Поджио А. В.
Декабристы Дмитровского уезда
Александр Викторович Поджио
(15 (27) апреля 1798 – 6 (18) июня 1873)
Часть 1.
Александр Викторович Поджио родился 15 (27) апреля 1798 года. Он вошел в историю как декабрист, сподвижник Пестеля, друг Волконского, автор записок о декабристах, но для нас он отчасти земляк.
Жизнь Александра Поджио связана с Дмитровом, с усадьбой Шуколово Дмитровского уезда и это достаточно известный факт. Дмитровский уезд Московской губернии славился своими поместьями, имениями, дворянскими гнездами. Немногим из них посчастливилось сохраниться до наших дней в первозданном виде, еще меньшие открыты для доступа или сохранились как памятники архитектуры или музеи.
Не повезло сохраниться и имению Шуколово, принадлежавшему малолетнему Сереже Молчанову, внуку декабриста Сергея Григорьевича Волконского. В 1861 году Сережа Молчанов был еще ребенком и не мог самостоятельно вести дела. В этот сложный период, с точки зрения, ведения дел и оформления бумаг в связи с отменой крепостного права в Российской Империи, управляющим имением становится Александр Поджио и этот выбор не случаен. Извечные борцы за права крестьян, Волконские, чтобы и крестьян не обидеть, и имение не разорить, приняли на работу управляющим бывшего декабриста, близкого друга семьи, Александра Викторовича Поджио.
Среда и окружение, в котором растет человек, прямо влияет на становление его характера, его суждения и становятся призмой понимания его реальности.
Занимательно же как итальянец, католик, решился делать русскую революцию, как думал и чего хотел добиться, о чем мечтал… Ответы на эти вопросы кроются не только в самой личности Поджио, но и в его корнях, его детстве.

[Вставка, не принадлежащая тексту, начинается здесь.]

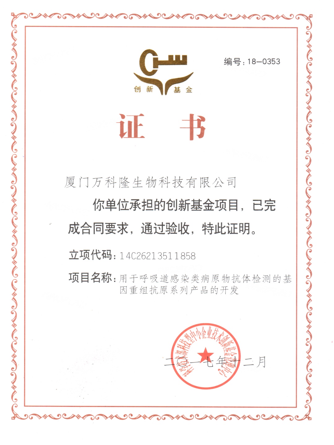 創(chuàng)新基金證書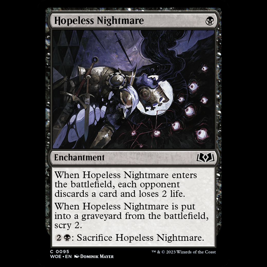 When Hopeless Nightmare is put into a graveyard from the battlefield, scry 2.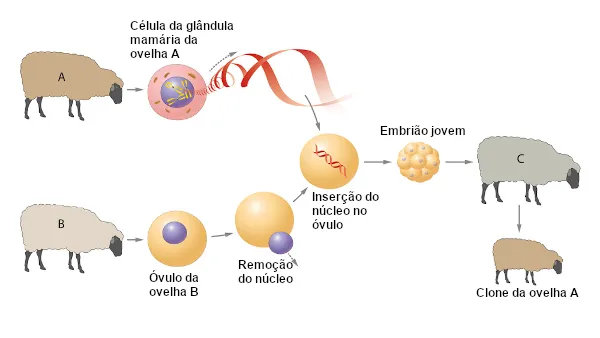 . Os clones, estes que podem ser o resultado de procedimentos laboratoriais, ou não, como é o caso da fissão binária de bactérias, na qual uma pré-existente origina duas novas, idênticas entre si.

Отец Александра – Виктор Яковлевич Поджио – урожденный Витторио Амадео Поджио – переехал из городка Пьемонт в Италии вместе и по личному предложению Осипа Михайловича Дерибаса – урожденного Хосе де Рибаса, будущего основателя Одессы. В. Я. Поджио поступил на службу в Российскую Армию помощником лекаря, а дослужился до обер-офицера – это дало ему право на потомственное дворянство, отличился при взятии крепости Измаил. После переезда в Одессу, занялся коммерцией, получил подряд на строительство Одесского театра, за что и получил в дар имение в селе Янивка Чигиринского уезда Киевской губернии с 429 душами крепостных.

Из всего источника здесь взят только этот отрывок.